Algorithm 1: Token Bucket (Best for API Rate Limiting)

Each user gets a bucket with a maximum capacity of N tokens. Tokens are added at a fixed rate (e.g., 10/second). Each request consumes 1 token. If the bucket is empty, reject the request. If the user makes no requests, tokens accumulate up to the bucket capacity.

// Redis Lua script — atomic token bucket (no race conditions)
// Run with: redis.call('EVAL', script, 1, key, capacity, rate, now)

const tokenBucketScript = `
local key = KEYS[1]
local capacity = tonumber(ARGV[1])  -- max tokens
local rate = tonumber(ARGV[2])      -- tokens per second
local now = tonumber(ARGV[3])       -- current timestamp (ms)

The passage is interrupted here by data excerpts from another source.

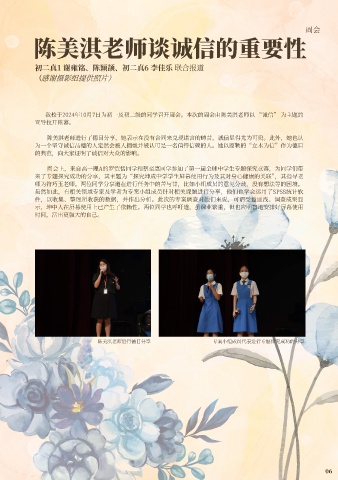 我校于2024年10⽉7⽇为初⼀及初⼆级的同学召开周会。本次的周会由陈美淇⽼师以 “诚信” 为主题的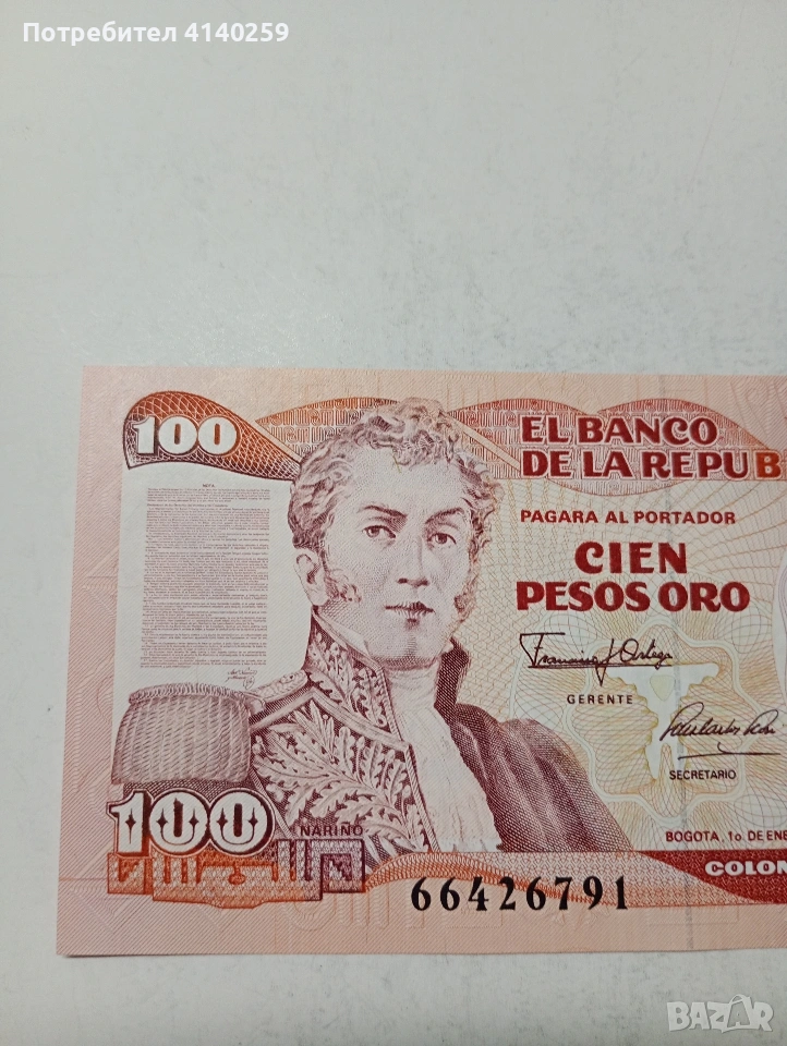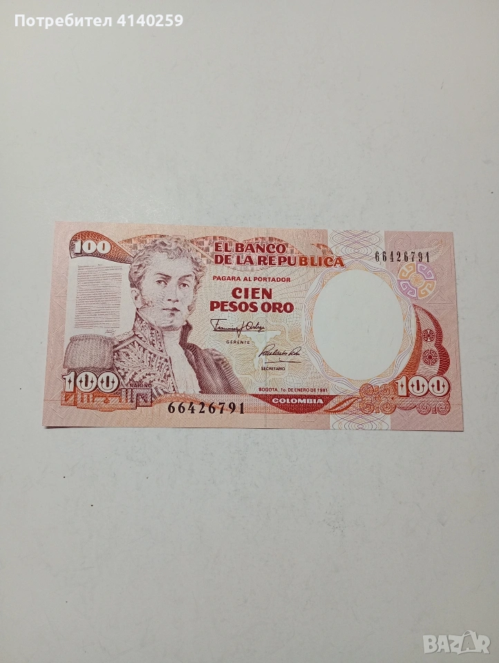 КОЛУМБИЯ БАНКНОТА 100 ПЕСО 1991 Г СЪСТОЯНИЕ НОВО ПОЛУЧАВАТЕ СНИМАНАТА БАНКНОТА РАЗГЛЕДАЙТЕ ДРУГИТЕ МИ ОБЯВИ ДА КОМБИНИРАТЕ ДОСТАВКА ЕКОНТ ЗА ВАРНА ЛИЧНО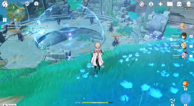 Pour rechercher les parties manquantes, vous devez utiliser la vue élémentaire pour regarder autour de vous. Pendant que vous scannez la zone, cela vous amènera finalement à un endroit avec une boule violette encerclée par un dôme et plusieurs monstres. Il est préférable de vaincre tous les monstres encerclant le dôme avant de tenter de résoudre l’énigme.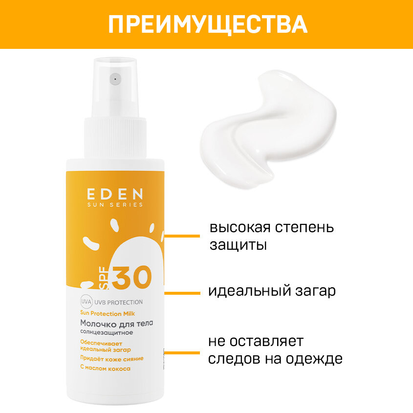 Молочко солнцезащитное SPF30 EDEN Sun Series, 150мл 10500708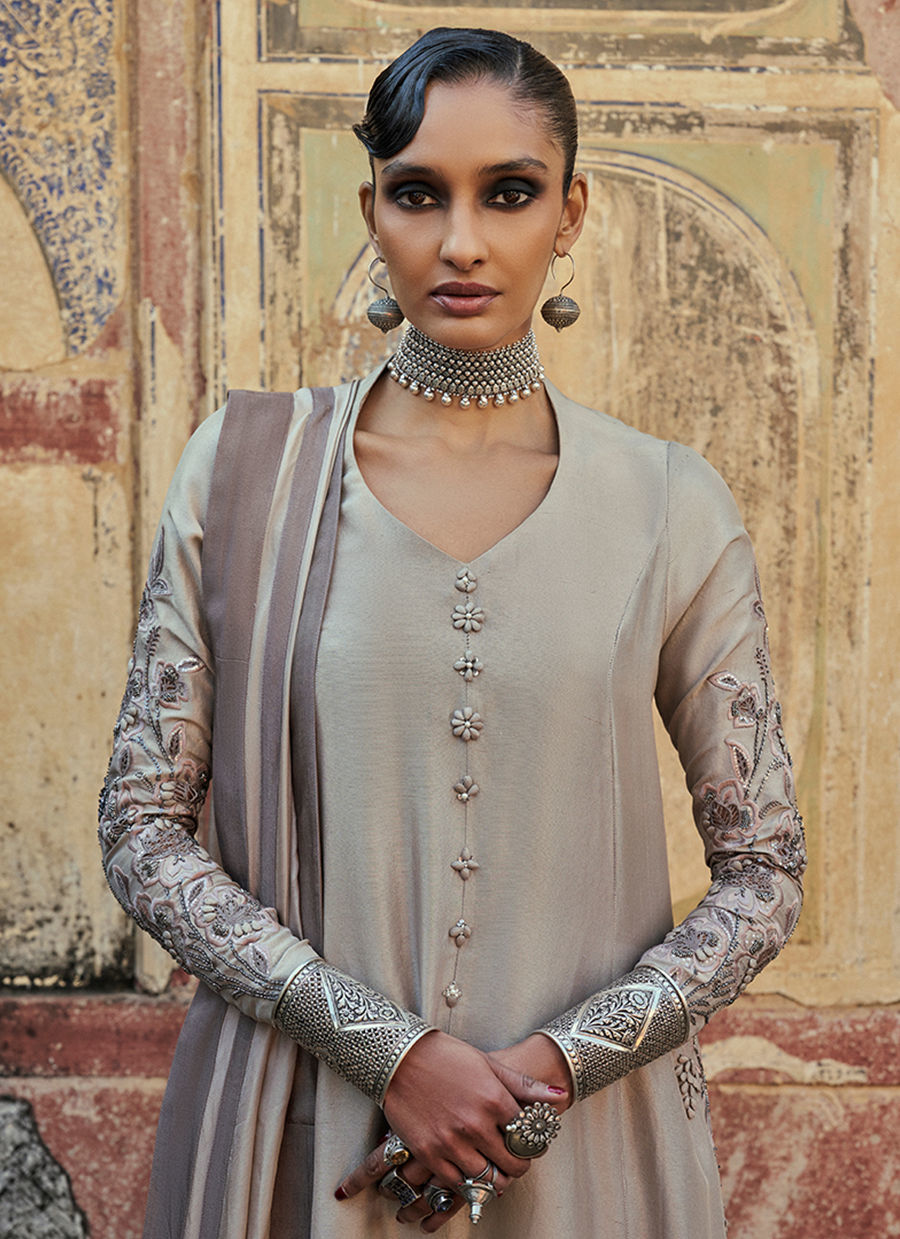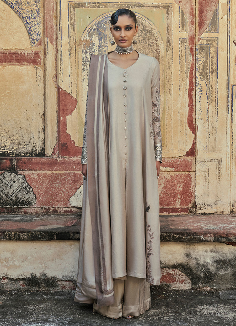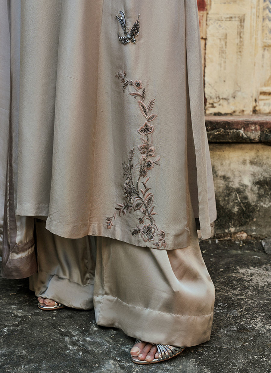 The prince-panel, front-open shirt features intricate resham embroidery, enhanced with zardozi work, sequins, cutdana, stones, pearls, delicate handmade pati work, and refined cutwork, creating a richly detailed artisanal finish. It is paired with sand beige cotton charmeuse culottes for fluid elegance and completed with a medium silk dupatta, resulting in a sophisticated ensemble perfect for festive occasions and elevated evening wear.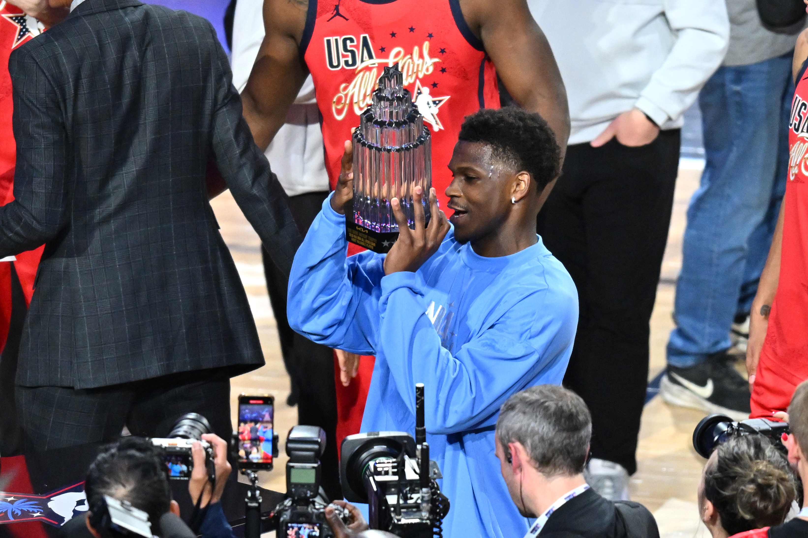 加上兩場(chǎng)循環(huán)賽(各12分鐘),已經(jīng)愛德華茲總計(jì)得到32分9籃板3助攻1搶斷,蘇群當(dāng)選本屆全明星賽MVP,愛更新奪得科比·布萊恩特杯!德華代表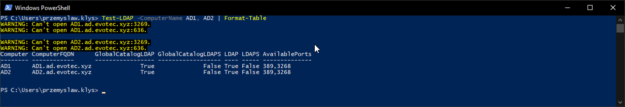 $ConnectionLDAPS = Test-LDAPPorts -ServerName $ServerName -Port $PortLDAPS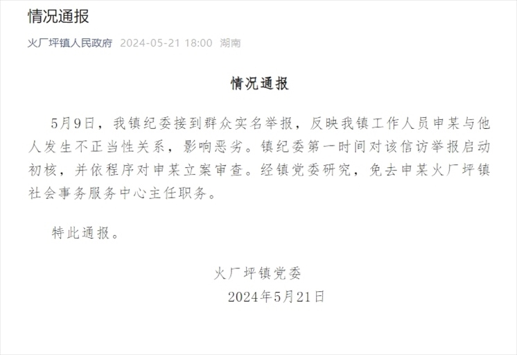 ·“公職人員婚內(nèi)出軌女子”照片傳出,官方通報(bào):涉事人員免職。
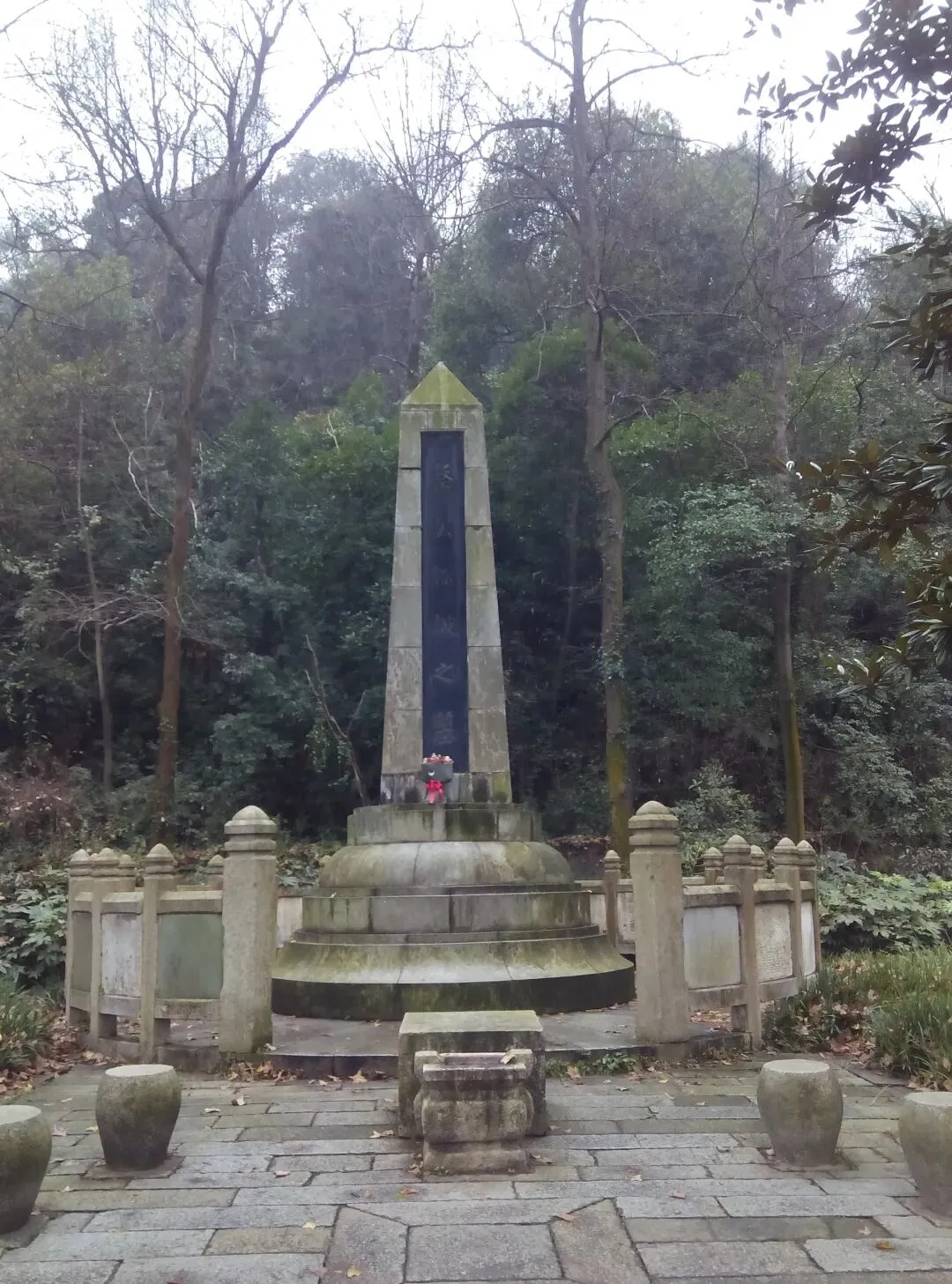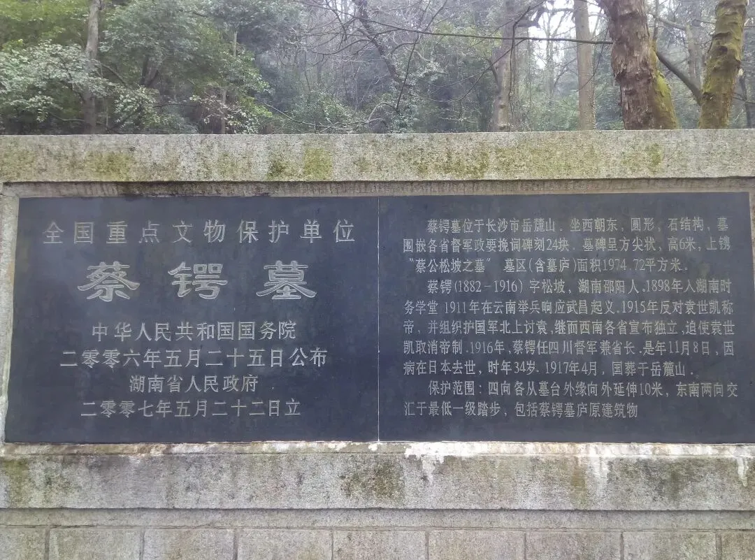 从爱晚亭继续往上,便到了蔡锷墓。墓不算大,石砌的,掩映在苍松翠柏之间,安静得让人不忍高声。我在墓前站了一会儿。蔡锷三十四岁就走了,人生虽短,却做了惊天动地的事。想起他那句“为四万万人争人格”,心里忽然有些发紧。这样的年纪,这样的抱负,如今还有多少人记得?雨打在松针上,沙沙的,像是有人在低语。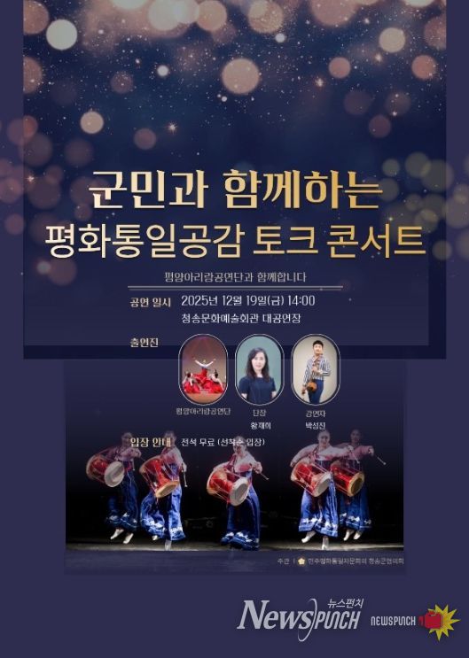 뉴스펀치 김길룡 기자 | 민주평화통일자문회의 청송군협의회는 오는 19일 오후 2시, 청송문화예술회관 대공연장에서 ‘군민과 함께하는 평화통일 공감 토크콘서트’를 개최한다고 밝혔다.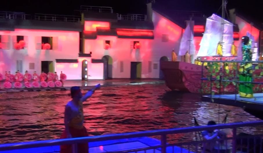 来宏村一般都会去看一场阿菊表演啦,人还挺多的,可能是赶上了旅游季节,几乎是爆满的。我们是导游帮我们买的票,一场下来是1个小时的样子。虽然说赶不上印象丽江这种场景,但也是挺生动的。讲述了一个阿菊的胡娘从嫁人,怀孕,丈夫外出,生子,养育,最后终于丈夫归来,感受古代一个女子的坚强独立。真个表演都是挺高难度的,其中还有杂技团的人来,在水帘中穿梭的场面,我们坐在第一排都被要求船上雨衣,结果还是被溅出来的水弄湿了脸。灯光的效果也很赞,背景是用厚实的墙纸做的,配合灯光虽然谈不上高大上,但表达意境也足够了。我们当时买的是80块钱的票,刚开始是在两边的座位,因为后来中间的位置有人走了,我们就钻过去了,完美的看完哈哈。

local bucket = redis.call('HMGET', key, 'tokens', 'last_refill')
local tokens = tonumber(bucket[1]) or capacity
local last_refill = tonumber(bucket[2]) or now

-- Calculate tokens to add since last request
local elapsed = (now - last_refill) / 1000  -- seconds
local new_tokens = math.min(capacity, tokens + (elapsed * rate))

if new_tokens >= 1 then
  -- Allow request, consume 1 token
  redis.call('HMSET', key, 'tokens', new_tokens - 1, 'last_refill', now)
  redis.call('EXPIRE', key, 3600)  -- auto-expire inactive users
  return {1, math.floor(new_tokens - 1)}  -- {allowed, remaining}
else
  -- Reject request
  redis.call('HMSET', key, 'tokens', new_tokens, 'last_refill', now)
  redis.call('EXPIRE', key, 3600)
  return {0, 0}  -- {rejected, remaining}
end
`;

// Node.js implementation
const redis = require('ioredis');
const client = new redis();

async function tokenBucket(userId, capacity = 100, rate = 10) {
  const key = `ratelimit:token:${userId}`;
  const now = Date.now();
  const [allowed, remaining] = await client.eval(
    tokenBucketScript, 1, key, capacity, rate, now
  );
  return {
    allowed: allowed === 1,
    remaining: parseInt(remaining),
    retryAfter: allowed ? null : Math.ceil(1000 / rate) // ms until next token
  };
}

// Express middleware
app.use(async (req, res, next) => {
  const result = await tokenBucket(req.user.id);
  res.set('X-RateLimit-Remaining', result.remaining);
  if (!result.allowed) {
    return res.status(429).json({
      error: 'Rate limit exceeded',
      retryAfter: result.retryAfter + 'ms'
    });
  }
  next();
});

Algorithm 2: Sliding Window Log (Most Accurate)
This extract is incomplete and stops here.